For the purposes of supplying water to its customers, the Company
owns a reservoir with a 550,000 gallon capacity, a filtration plant, a
chlorinator pump house and distribution system. The reservoir is fed by
Buck Hill Creek, a spring and one or more wells. The Company also operates
a sewage treatment facility that serves most of the residences in Buck Hill
Falls and formerly served the Buck Hill Inn.
Because a substantial majority of the residents of the Buck Hill
Falls community occupy their units on a seasonal basis, the demand for the
Company's water and sewage services is significantly greater in the summer
months.
GOVERNMENT REGULATION
The Company's water and sewer services are subject to regulation
by the DEP and the Company's water services are regulated by the PUC.
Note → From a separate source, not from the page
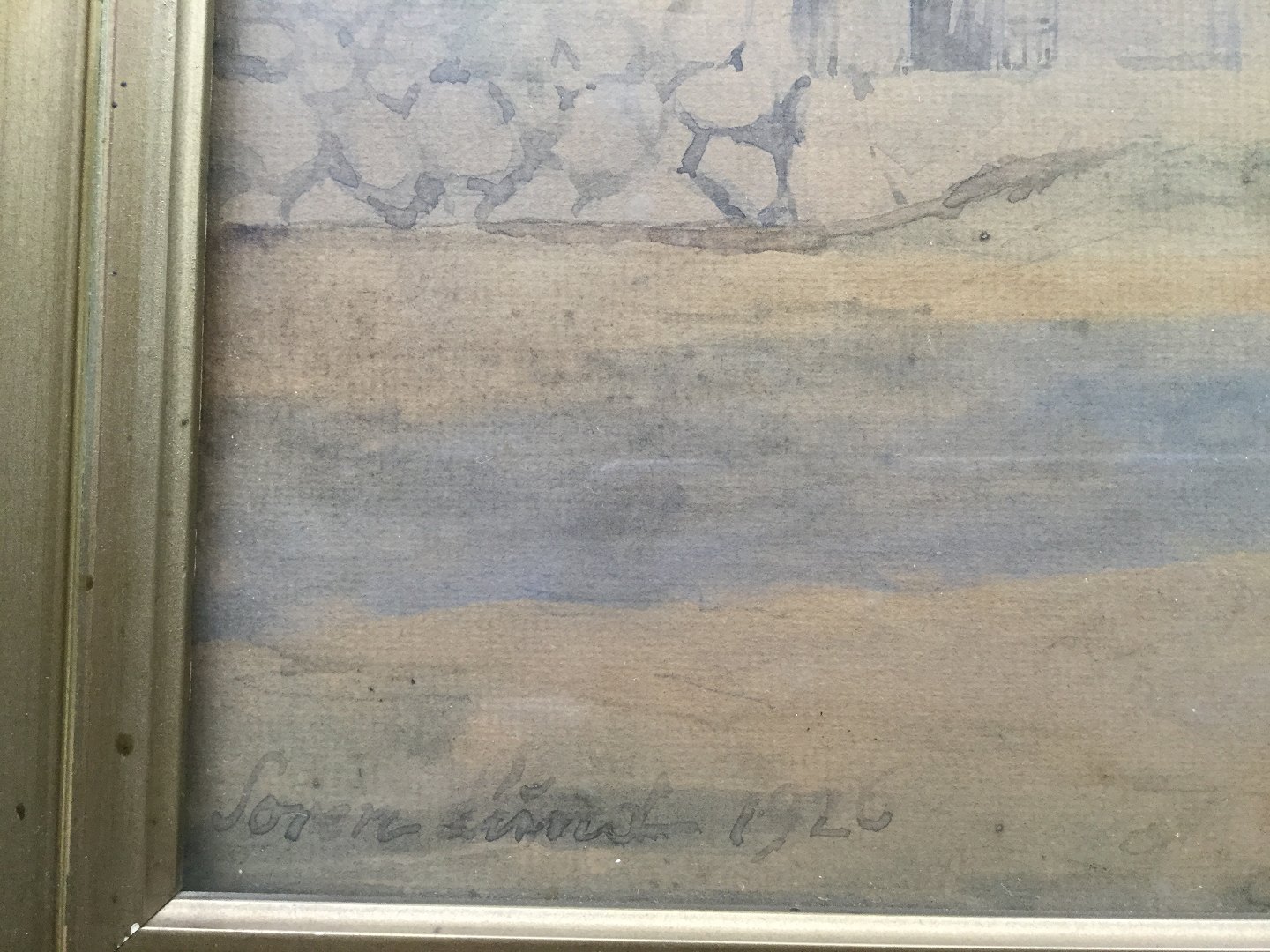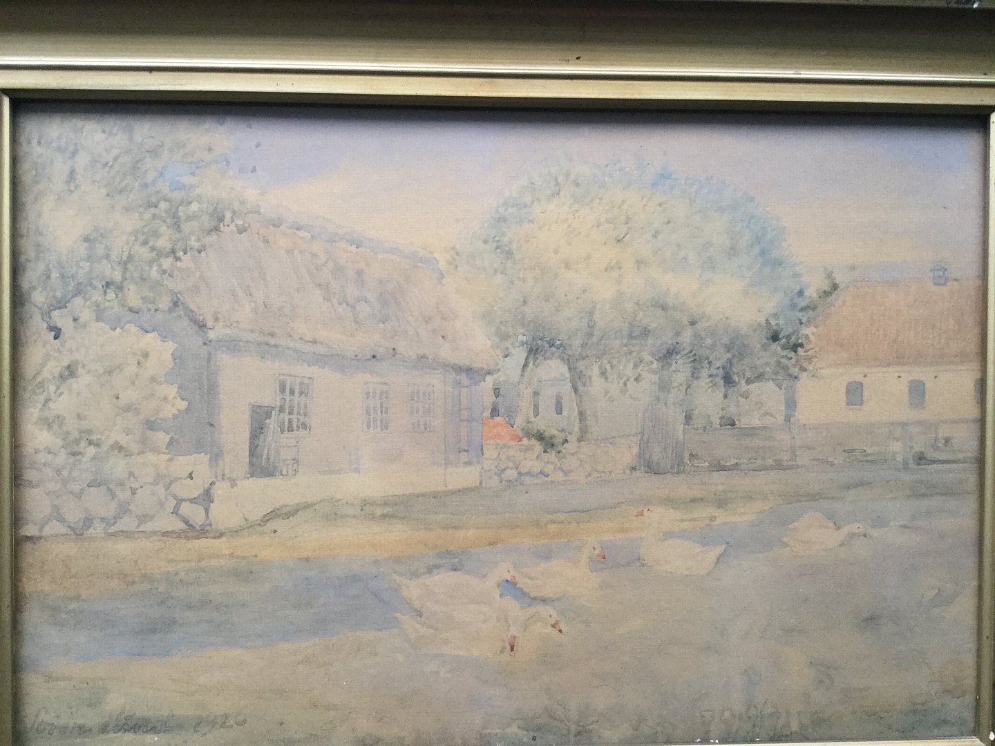Gårdeksteriør med ænder på gårdsplads 1926.
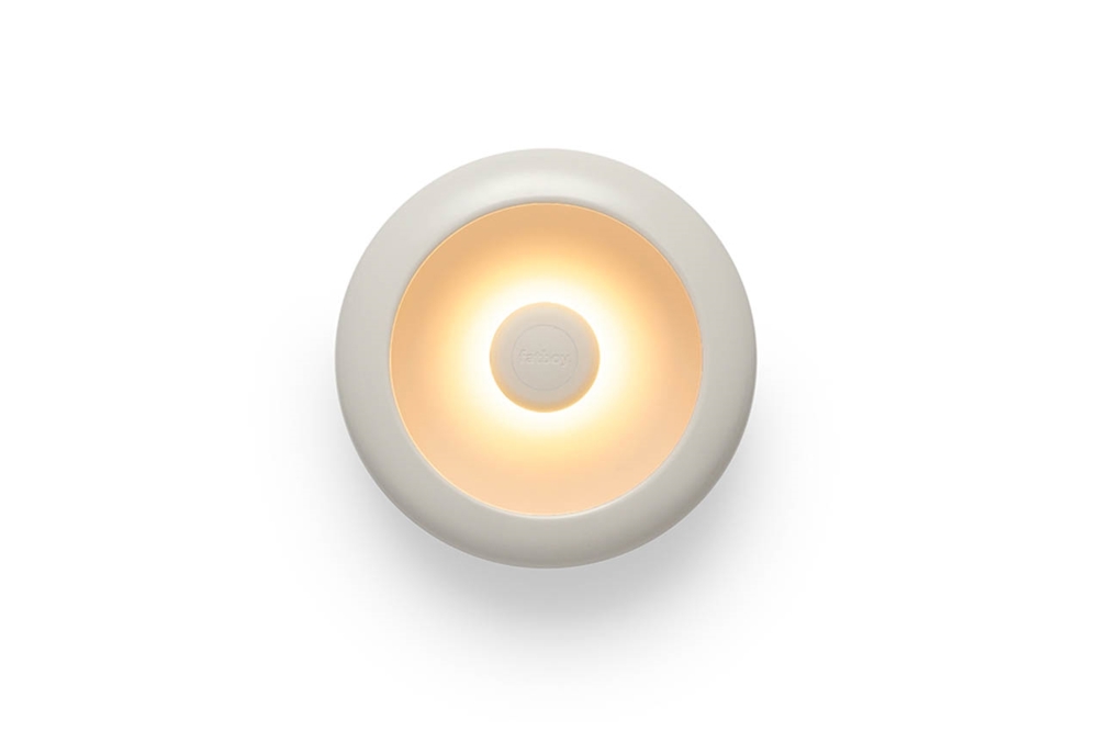 Die Akkulampe besteht aus einem Schirm aus beschichtetem Metall und die Lampe ist aus Silikon gefertigt. Das Licht kann stufenweise gedimmt werden, indem man sanft auf den Ring in der Mitte drückt. Die Lampe gibt ein warmes Licht ab, aber es ist die Farbe der Lampe, die die Stimmung des ausgestrahlten Lichts beeinflusst.

Background. The DEP regulates all sewage treatment plants in
Pennsylvania, annually inspects sewage treatment facilities and issues
annual permits for the operation of such facilities. It has authority to
cause changes to be made in the operation of a facility and to require
capital improvements to ensure that the facility is operating in accordance
with its standards. In addition, the DEP evaluates the water quality
provided to residents of Buck Hill Falls by BHW, the Company's wholly-owned
subsidiary. The DEP has the authority to mandate changes in the operation
of BHW or its facilities to ensure that the water supply provided to the
Buck Hill Falls community remains within the standards adopted by the DEP.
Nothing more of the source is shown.